- Coat of arms of The Worshipful Company of Framework Knitters

= William Lee (inventor) =

English clergyman and inventor (1563–1614)

William Lee (1563-1614) was an English inventor and alleged clergyman who invented the stocking frame knitting machine. (Note: Day & McNeil 2002 point out that there is no evidence that Lee was a clergyman. Hills 1989 also doubts much of what is recorded about Lee's life and history, but that he invented the framework stocking knitter in 1589 is not in doubt) Framework knitting, as the use of Lee's machine in stocking production was called, was the first major stage in the mechanisation of the textile industry, a process that 200 years later precipitated the Industrial Revolution.

== Life and legend ==
Some say Lee was born in Sussex, but others claim the Nottinghamshire villages of Calverton or Woodborough. No definitive evidence has been found for either of these although there is circumstantial support for Nottinghamshire. He entered Christ's College, Cambridge in 1579 as a sizar and graduated from St. John's College in 1582.

== Stocking frame knitting machine ==

The following popular stories surrounding Lee and the stocking frame are rejected by modern scholarship. Lee was a curate at Calverton when he is said to have developed the machine because a woman whom he was courting showed more interest in knitting than in him (or alternatively that his wife was a very slow knitter). His first machine produced a coarse wool, for stockings. Refused a patent by Queen Elizabeth I, he built an improved machine that increased the number of needles per inch from 8 to 20 and produced a silk of finer texture, but the queen again denied him a patent because of her concern for the employment security of the kingdom's many hand knitters whose livelihood might be threatened by such mechanization. The queen said to Lee: "Thou aimest high, Master Lee. Consider thou what the invention could do to my poor subjects. It would assuredly bring to them ruin by depriving them of employment, thus making them beggars." Supposedly, the Queen’s concern was a manifestation of the hosiers’ guilds' fear that the invention would make the skills of its artisan members obsolete. This alleged account of events does not appear until the 19th century and, as such, is dismissed by modern historians.

He entered into a partnership agreement with one George Brooke on 6 June 1600, but the unfortunate Brooks was arrested on a charge of treason and executed in 1603. Eventually, he moved to France with his brother James, taking 9 workmen and 9 frames.
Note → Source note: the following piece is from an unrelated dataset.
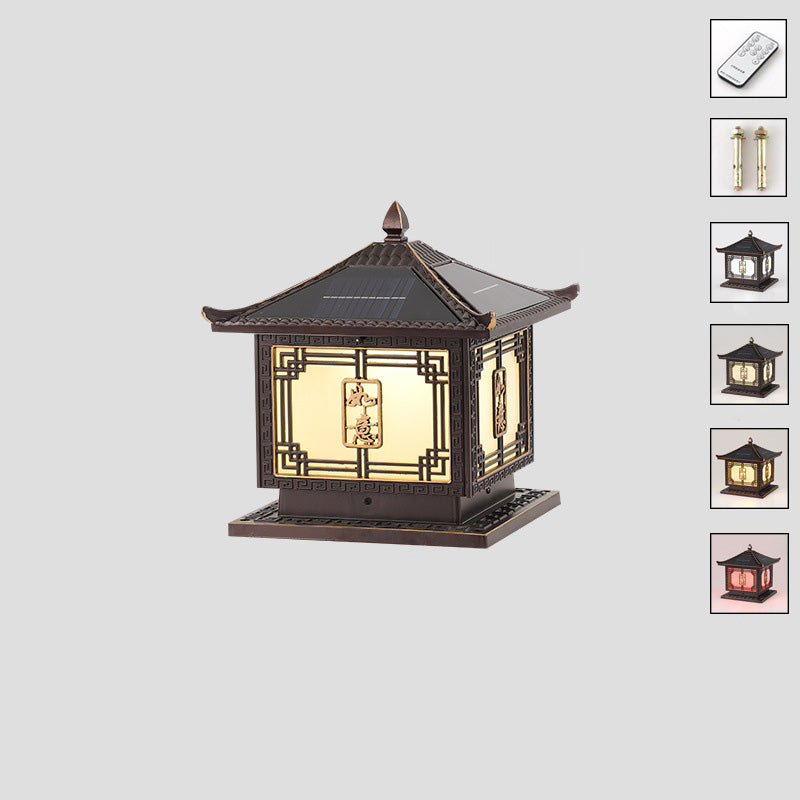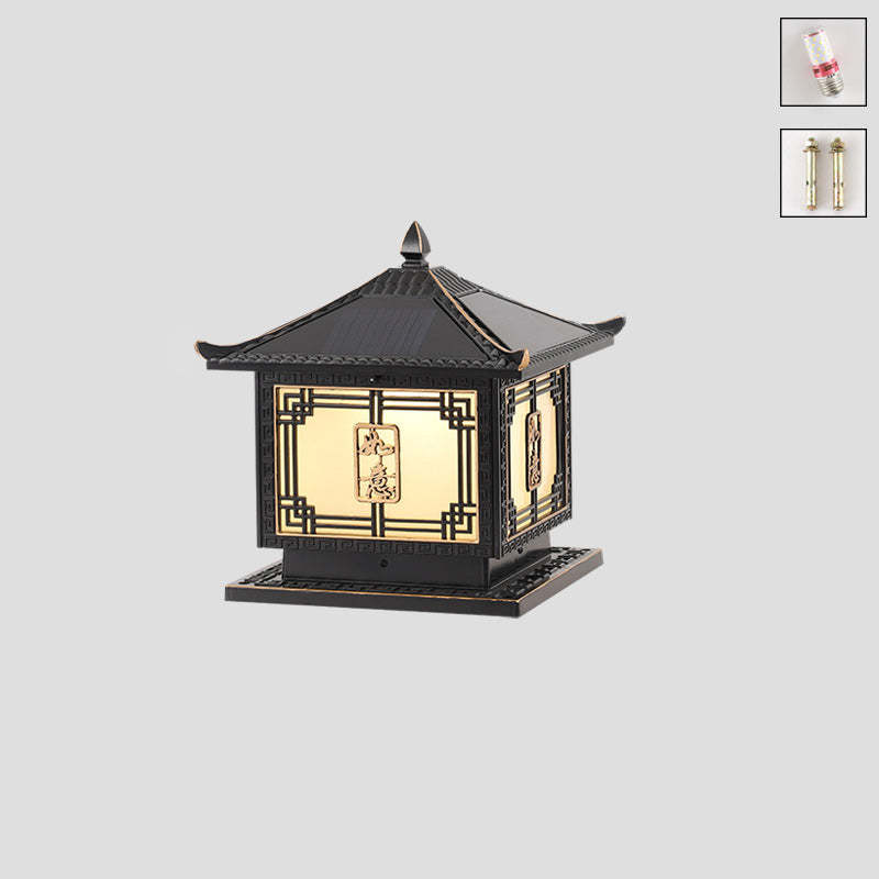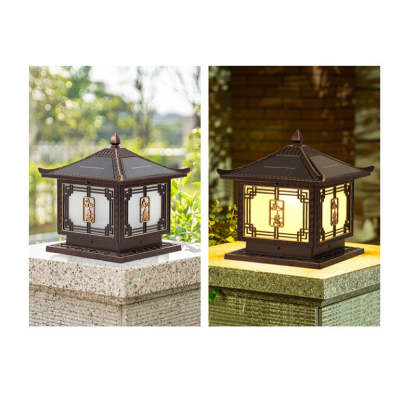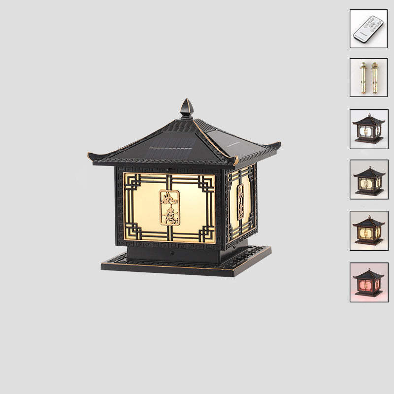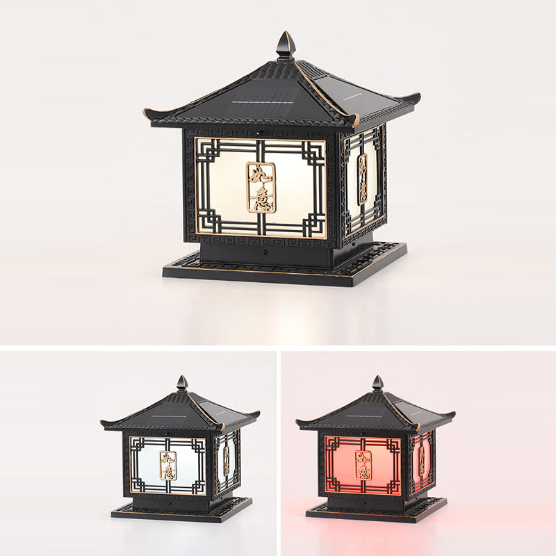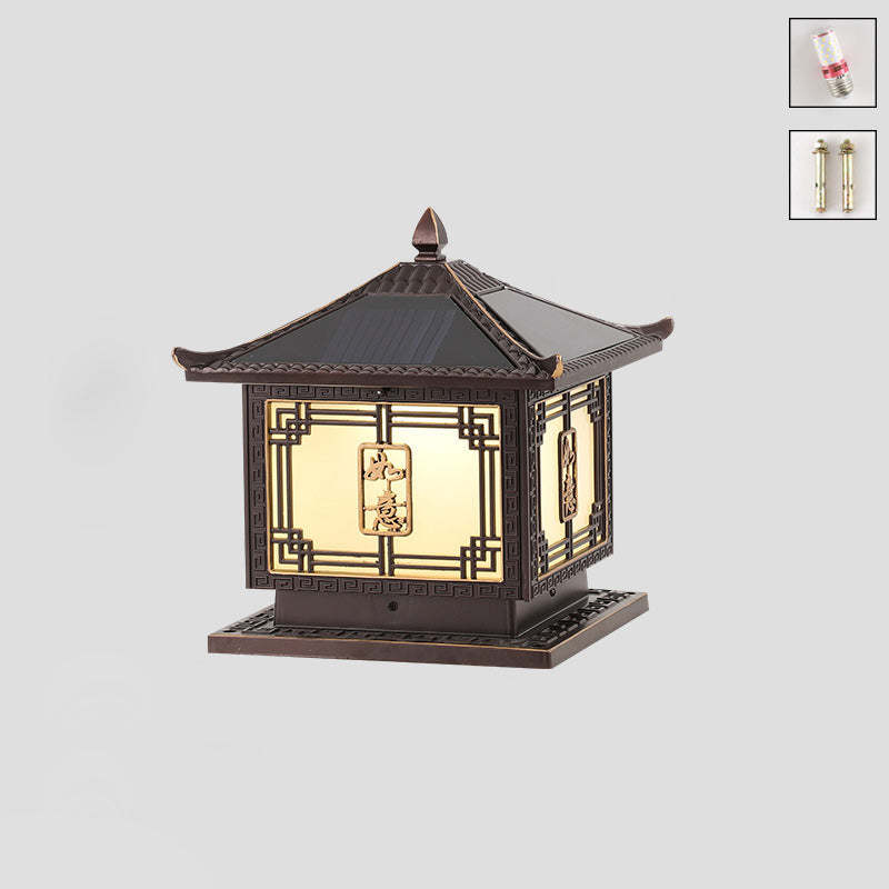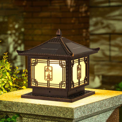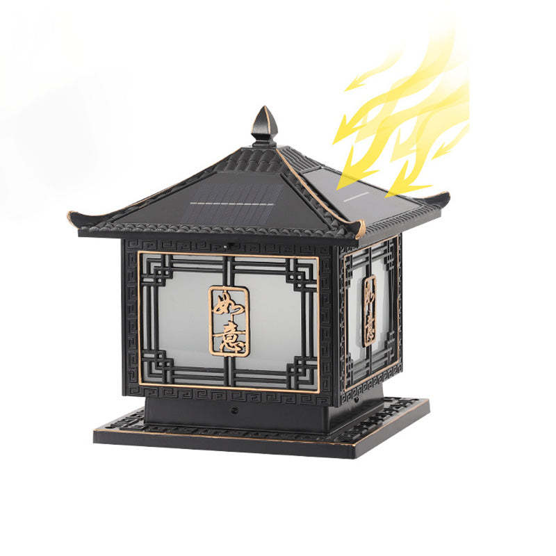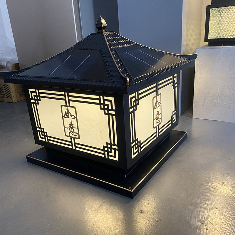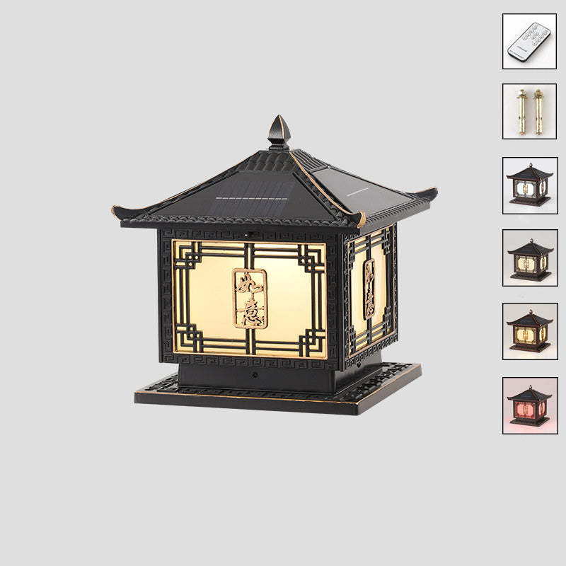 Traditional Chinese Square Patio Ruyi Solar Waterproof Glass Aluminum LED Outdoor Light For Garden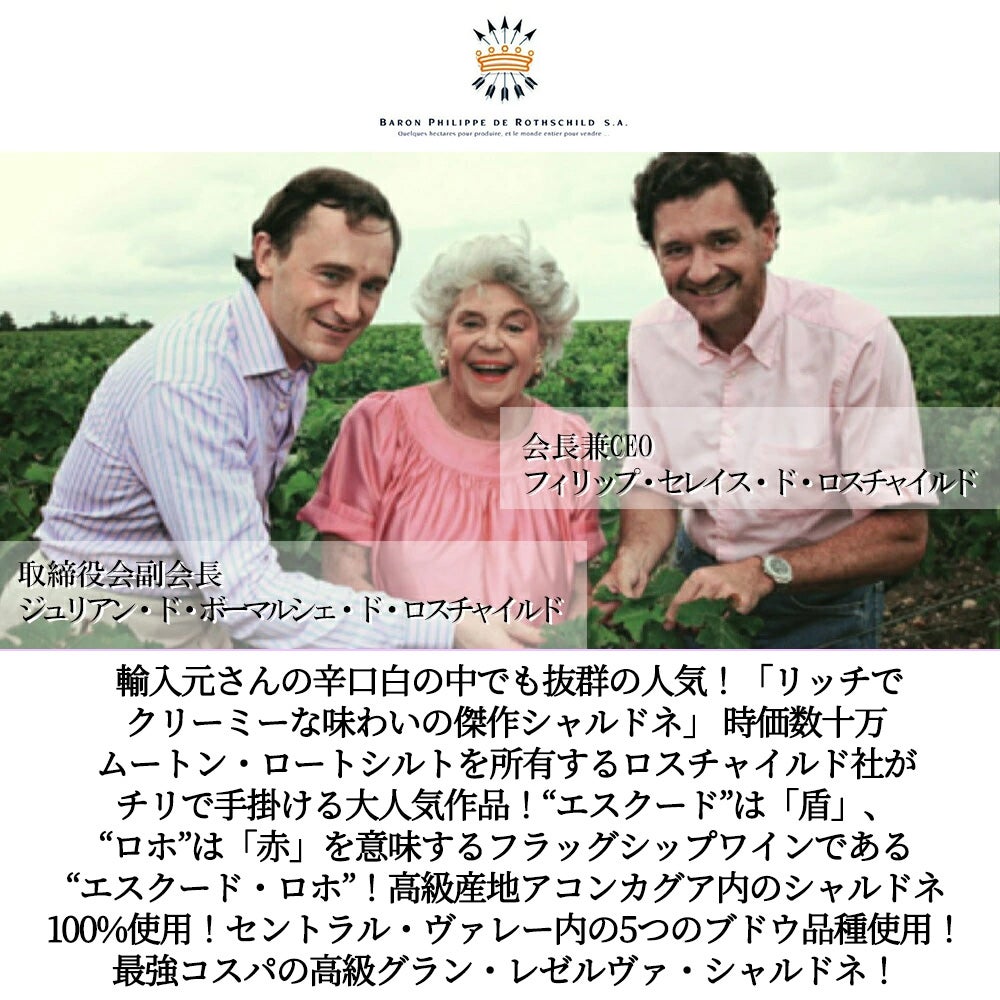 他の画像を見る エスクード ロホ グラン レゼルヴァ シャルドネ 2023 バロン フィリップ ド ロスチャイルド マイポ チリEscudo Rojo Reserva Chardonnay 2023 Baron Philippe de Rothschild 白ワイン チリ 辛口 当店特別価格 ¥ 1,870 税込 カートに入れる お気に入りに登録する

He found better support from the Huguenot Henry IV of France, who granted him a patent. Lee began stocking manufacture in Rouen, France, and prospered until, shortly before Henry's assassination in 1610, he signed a contract with Pierre de Caux to provide knitting machines for the manufacture of silk and wool stockings in 1614 and that is his last known record.

After Lee's death, his workers and probably his brother James returned to England and disposed of most of the frames in London before moving to Thoroton, near Nottingham where Lee's apprentice John Aston (or Ashton), a miller, had continued to work on the frame and produced a number of improvements. This led to the establishment of two knitting centres, one in London and one in Nottingham. During the 18th century Leicester vied with Nottingham for leadership of the industry in the English East Midlands.

Although the industry took nearly a century to develop in wool, silk and lace, the machinery that he developed remained the backbone for far longer and this is reflected in his appearance in the coat of arms of The Worshipful Company of Framework Knitters. The quatercentenary of the invention was celebrated in 1989 with the publication Four Centuries of Machine Knitting: Commemorating William Lee's Invention of the Stocking Frame in 1589, a book of historical studies on the evolution of knitting technologies and the history of the knitting economy.